Para compensar parcialmente a queda na estimativa de receita, o governo disse que irá sacar 3,5 bilhões de reais do Fundo Soberano do Brasil (FSB).

Com isso, a queda efetiva na projeção de receita passou a 7,041 bilhões de reais, valor que foi compensando com corte similar nas despesas primárias obrigatórias, que passaram a 667,7 bilhões de reais.

Os maiores cortes nas previsões de despesas ocorreram nas transferências do Tesouro Nacional para a Conta de Desenvolvimento Energético (CDE), cujas dotações caíram para 9 bilhões de reais, ante 13 bilhões de reais previstos anteriormente, e nos subsídios, cortados em 3 bilhões de reais.
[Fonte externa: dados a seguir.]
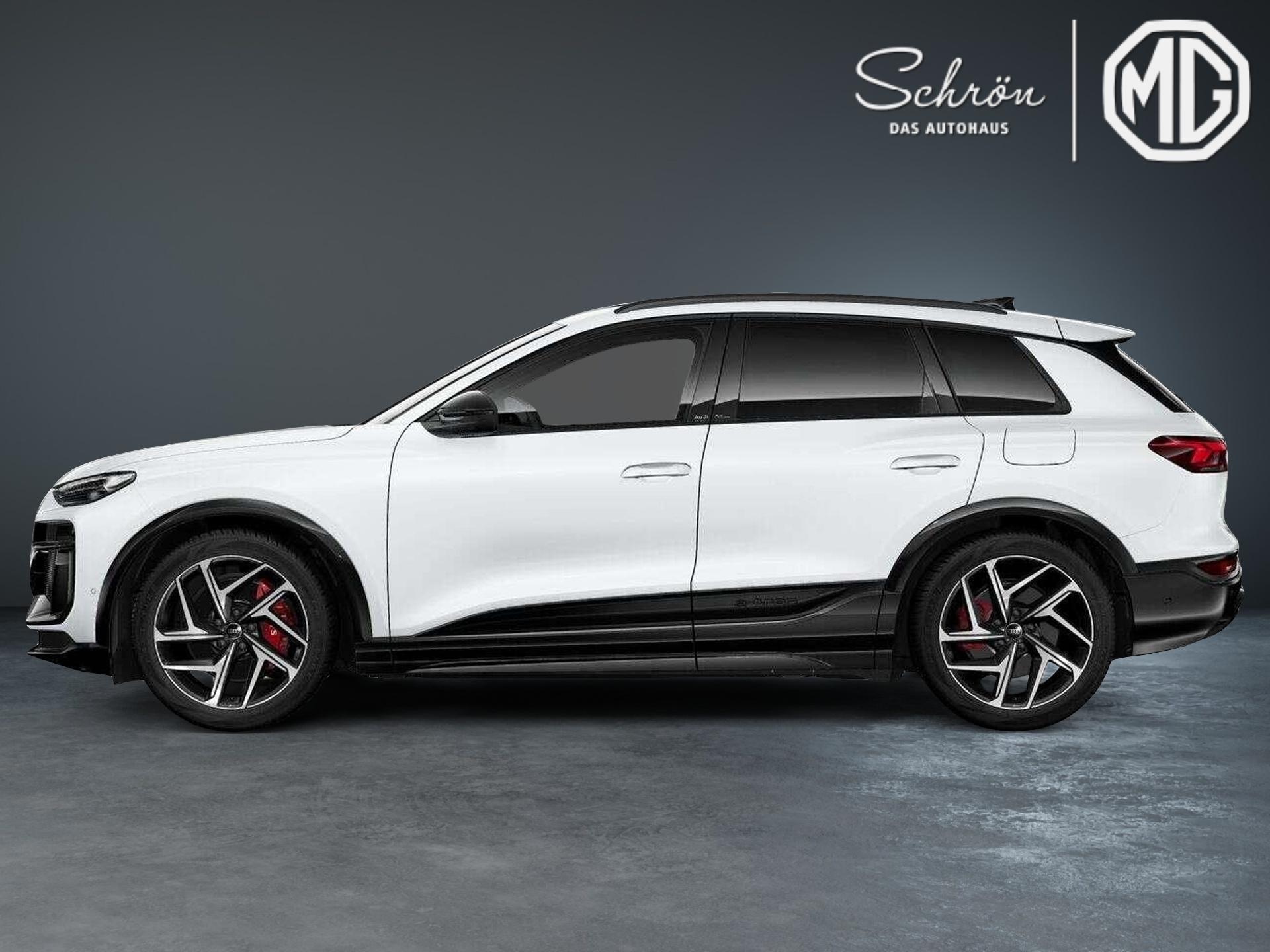 • Komfort: 3-Zonen-Komfortklimaautomatik, Ablenkungs- und Müdigkeitserkennung, Adaptiver Fahrassistent plus, Adaptiver Geschwindigkeitsassistent, Adaptives S-Luftfederfahrwerk, Anschlussgarantie 3 Jahre max. 100.000 km, Audi Application Store und Smartphone-Interface, Audi drive select, Außenspiegel elektrisch einstell-, beheizbar und anklappbar, beidseitig automatisch abblendend, Digitaler Schlüssel, Doppelton-Signalhorn, Einparkhilfe plus mit Distanzanzeige, Elektrische Ladeklappe, e-tron Aufladesystem Kompakt, FOD Funktionen online verfügbar, Garagentoröffner, Gepäckraumklappe elektrisch öffnend und schließend, Halteassistent, Industriestecker CEE 16A, 400V, lang und gerade, für das e-tron Ladesystem, Kamerabasierte Verkehrszeichenerkennung, Komfortschlüssel mit Safelock, Komfort-Standklimatisierung, Ladekabel Mode 3 für öffentliches Laden 22 kW (AC), Lenkradeinstellung elektrisch, Matrix-Funktion, Maximal mögliche Ladeleistung (DC), Parkassistent plus, Schließ-/Startsystem Advanced Key (Komfortschlüssel), Sitzheizung vorn und hinten, Sonnenschutzverglasung abgedunkelt, Spurwechsel- und Ausstiegswarnung, Querverkehrassistent hinten und Abbiegeassistent hinten, Umgebungskameras, Verkehrszeichenbasierter Geschwindigkeitsbegrenzer, Vorbereitung für intelligente Ladefunktionen, Vordersitze elektrisch einstellbar, Wandhalterung Clip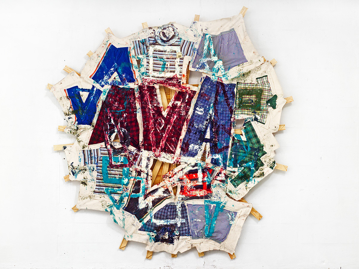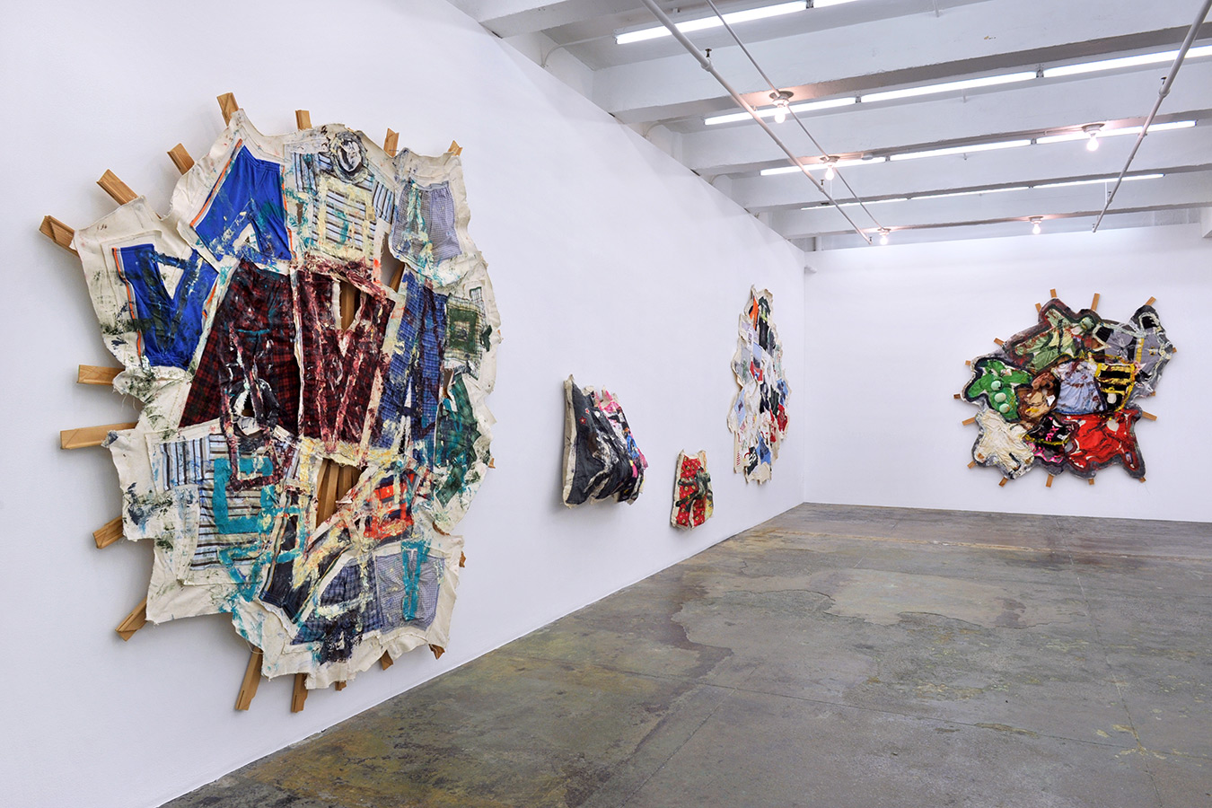 Thomas Erben Gallery is excited to bring together Mike Cloud’s formative painted-clothing series from 2007 and 2008, a period in which the artist incisively foregrounded printmaking and collage strategies—incorporating children’s clothing, mark making by transference, and unusually arranged stretchers. The show marks the first time that these works will be exhibited side-by-side (they were previously shown at Miami’s Center for Visual Communication during Art Basel and Max Protetch Gallery in New York), uniting a playful, deliberate and exposed, multivalent body of work.

Num cenário marcado por arrecadação tributária estagnada, elevado peso das renúncias tributárias e baixos resultados fiscais entre janeiro e junho, o relatório das contas do governo não faz referência ao cumprimento da meta de 2014 de superávit primário de 99 bilhões de reais, equivalente a 1,9 por cento do PIB.

Em 12 meses encerrados em julho, essa economia para o pagamento dos juros da dívida pública estava em apenas 1,22 por cento do PIB, indicando a grande dificuldade do governo em atingir o alvo.

A deterioração das contas públicas e o baixo crescimento da economia levaram a agência de classificação de risco Moody's a alterar a perspectiva de rating soberano do Brasil de "estável" para "negativa", numa ameaça de rebaixamento da nota de crédito soberano do país.